INSTRUCTIONS TO FOLLOW: Restate all entries word for word, minus pictures.

= Beginning of Section =

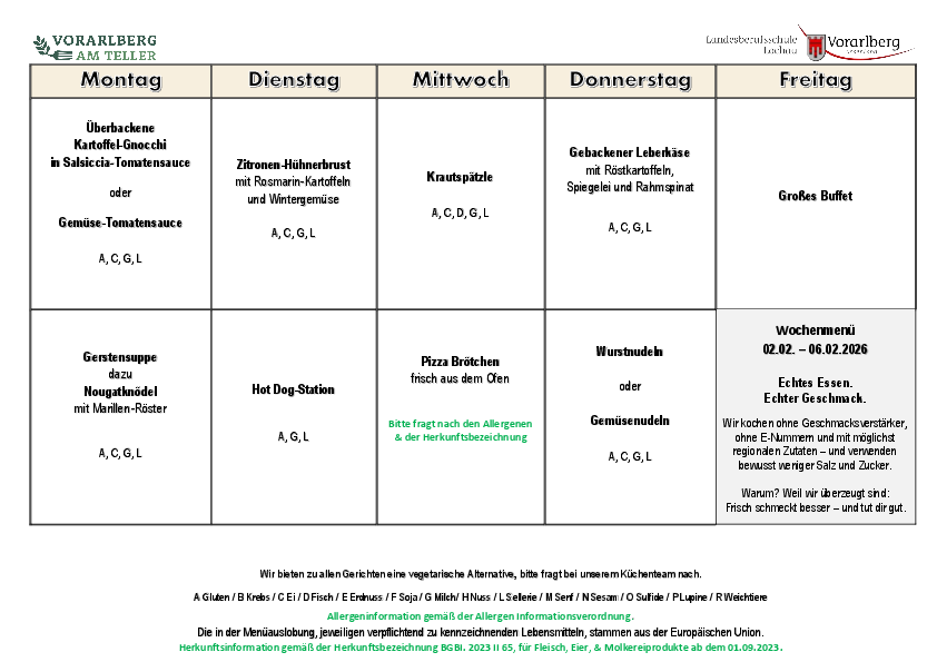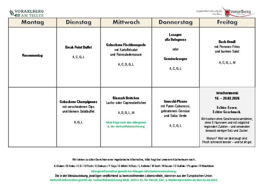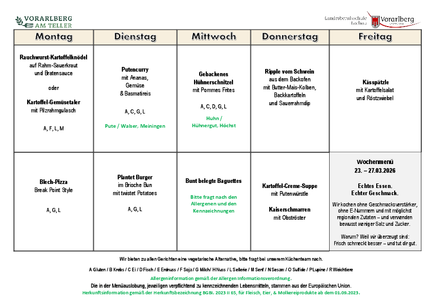 Internat/Menüplan
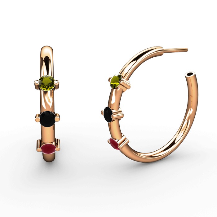 Kök yakut, siyah zirkon ve peridot 14 ayar rose altın küpe
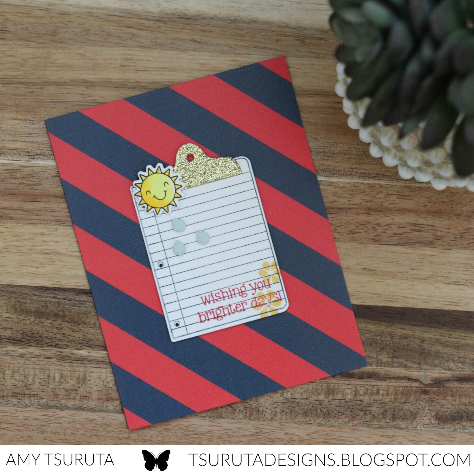 Amy, so very cute. I love all the details on the clipboard and the background is awesome, love the red and blue stripes. TFSAI
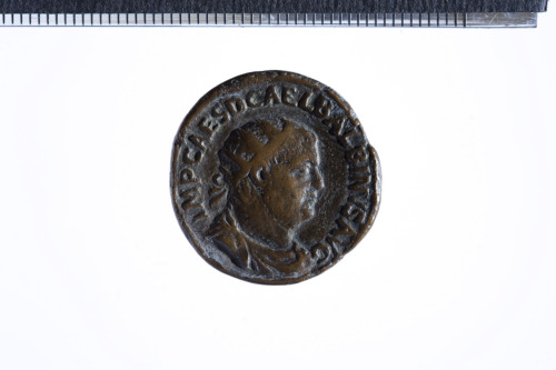 Busto radiato di Balbino a d. con corazza (?) e paludamentum, di tre quarti in avanti; contorno perlinato.
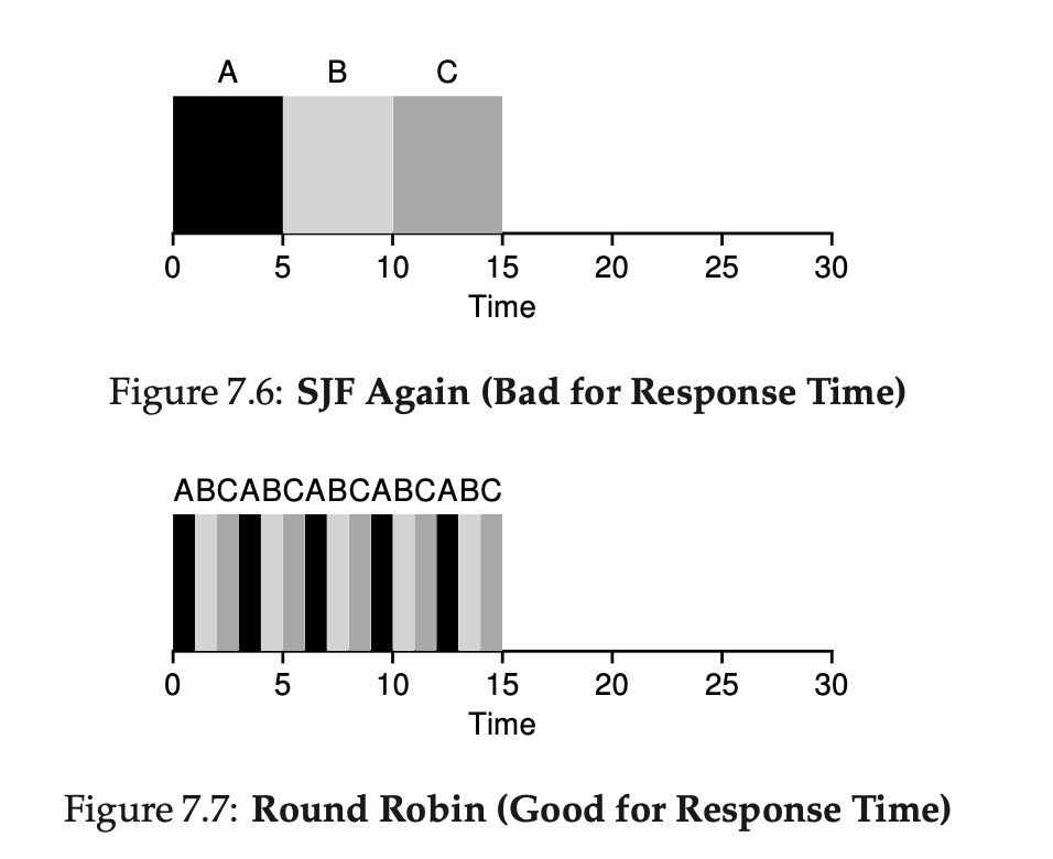 사용자와의 상호작용이 중요해진 상황에서 STCF는 더 이상 적절한 스케줄링 기법이 아니다. 응답 시간을 개선하면서도 시스템의 전반적인 성능을 높일 수 있는 새로운 스케줄링 알고리즘이 필요해진 것이다.
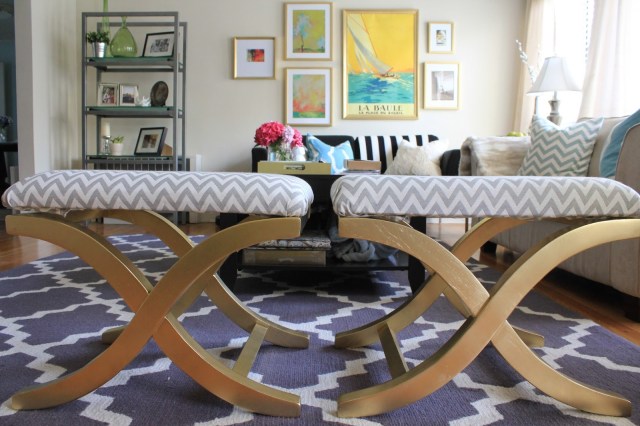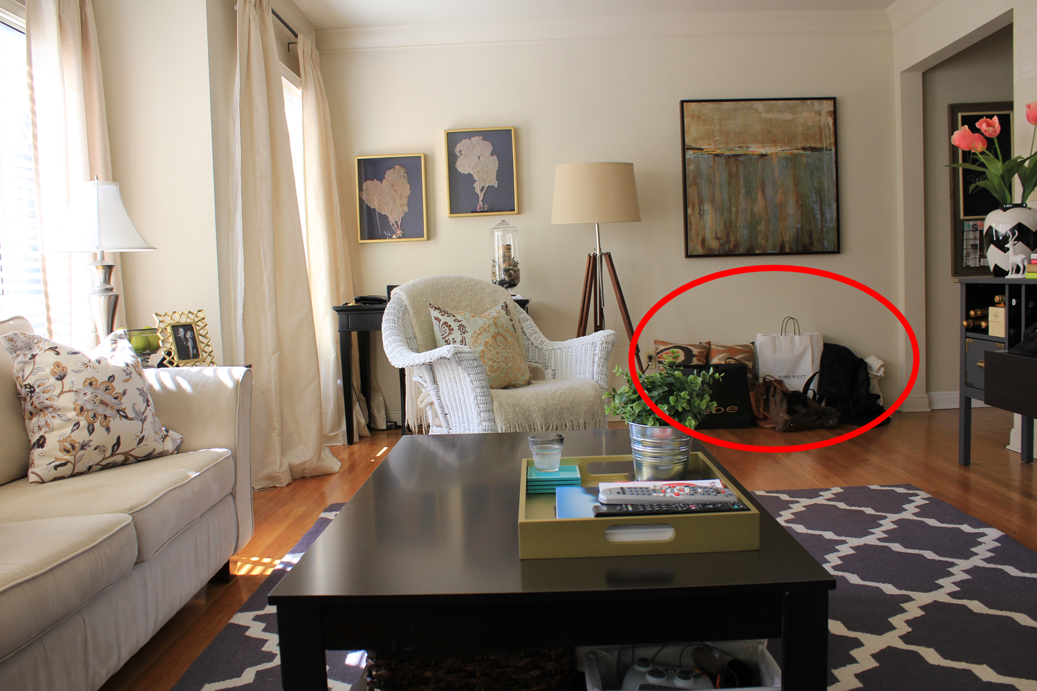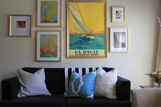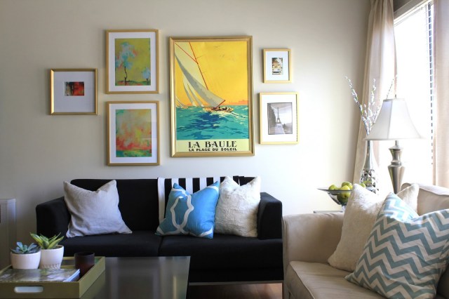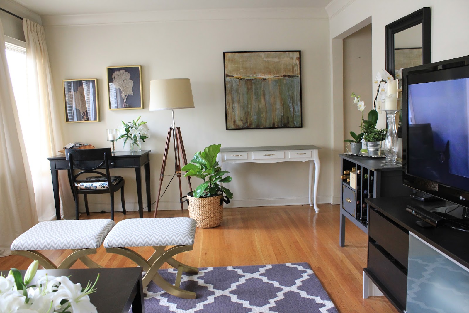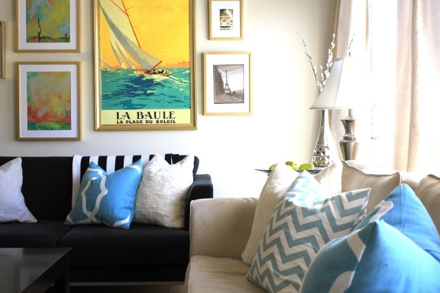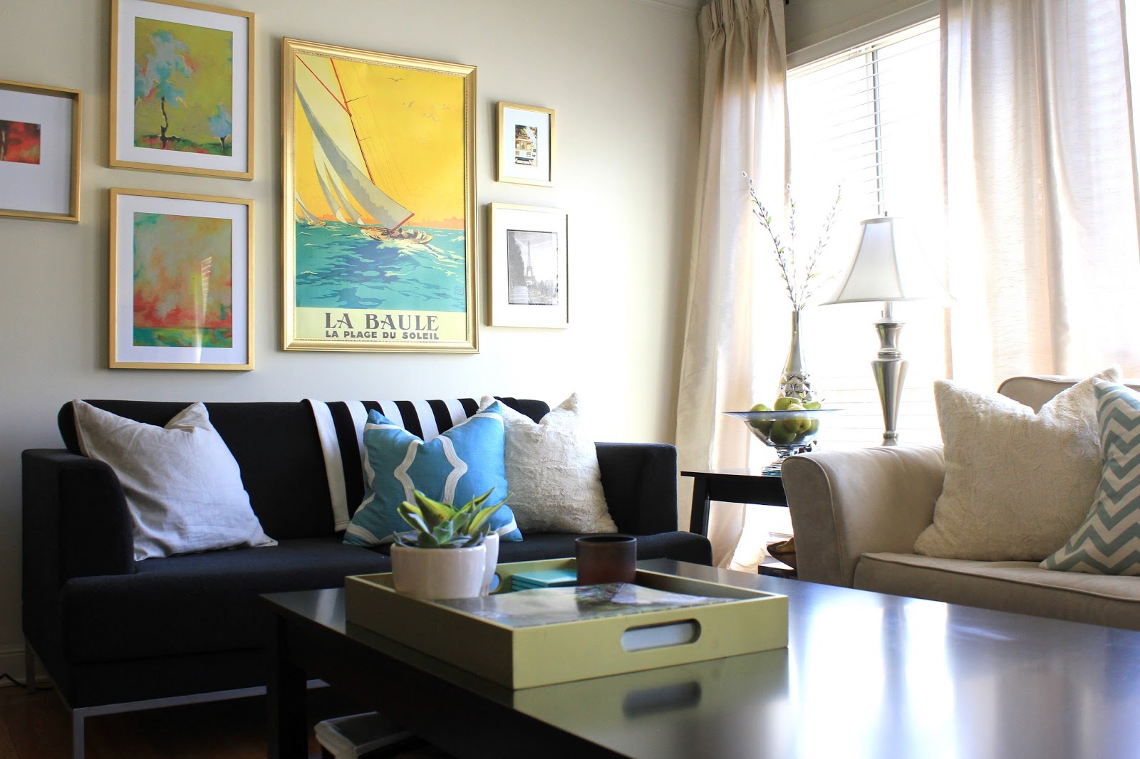 Let’s be honest, everything we have in our living room is either from Ikea (frames, curtain rods, sofas), Target (wine hutch, fabric for throw pillows, baskets under the coffee table, lamps, trays), Bed Bath & Beyond (curtain panels), Craigslist (coffee table with matching side tables, console table), Homegoods (basically every accessory from the glass vases to the candle holders to the faux fruit).

= End of Section =

FINAL ANSWER:
 Internat/Menüplan
 Kök yakut, siyah zirkon ve peridot 14 ayar rose altın küpe
 Amy, so very cute. I love all the details on the clipboard and the background is awesome, love the red and blue stripes. TFSAI
 Busto radiato di Balbino a d. con corazza (?) e paludamentum, di tre quarti in avanti; contorno perlinato.
 사용자와의 상호작용이 중요해진 상황에서 STCF는 더 이상 적절한 스케줄링 기법이 아니다. 응답 시간을 개선하면서도 시스템의 전반적인 성능을 높일 수 있는 새로운 스케줄링 알고리즘이 필요해진 것이다.
 Let’s be honest, everything we have in our living room is either from Ikea (frames, curtain rods, sofas), Target (wine hutch, fabric for throw pillows, baskets under the coffee table, lamps, trays), Bed Bath & Beyond (curtain panels), Craigslist (coffee table with matching side tables, console table), Homegoods (basically every accessory from the glass vases to the candle holders to the faux fruit).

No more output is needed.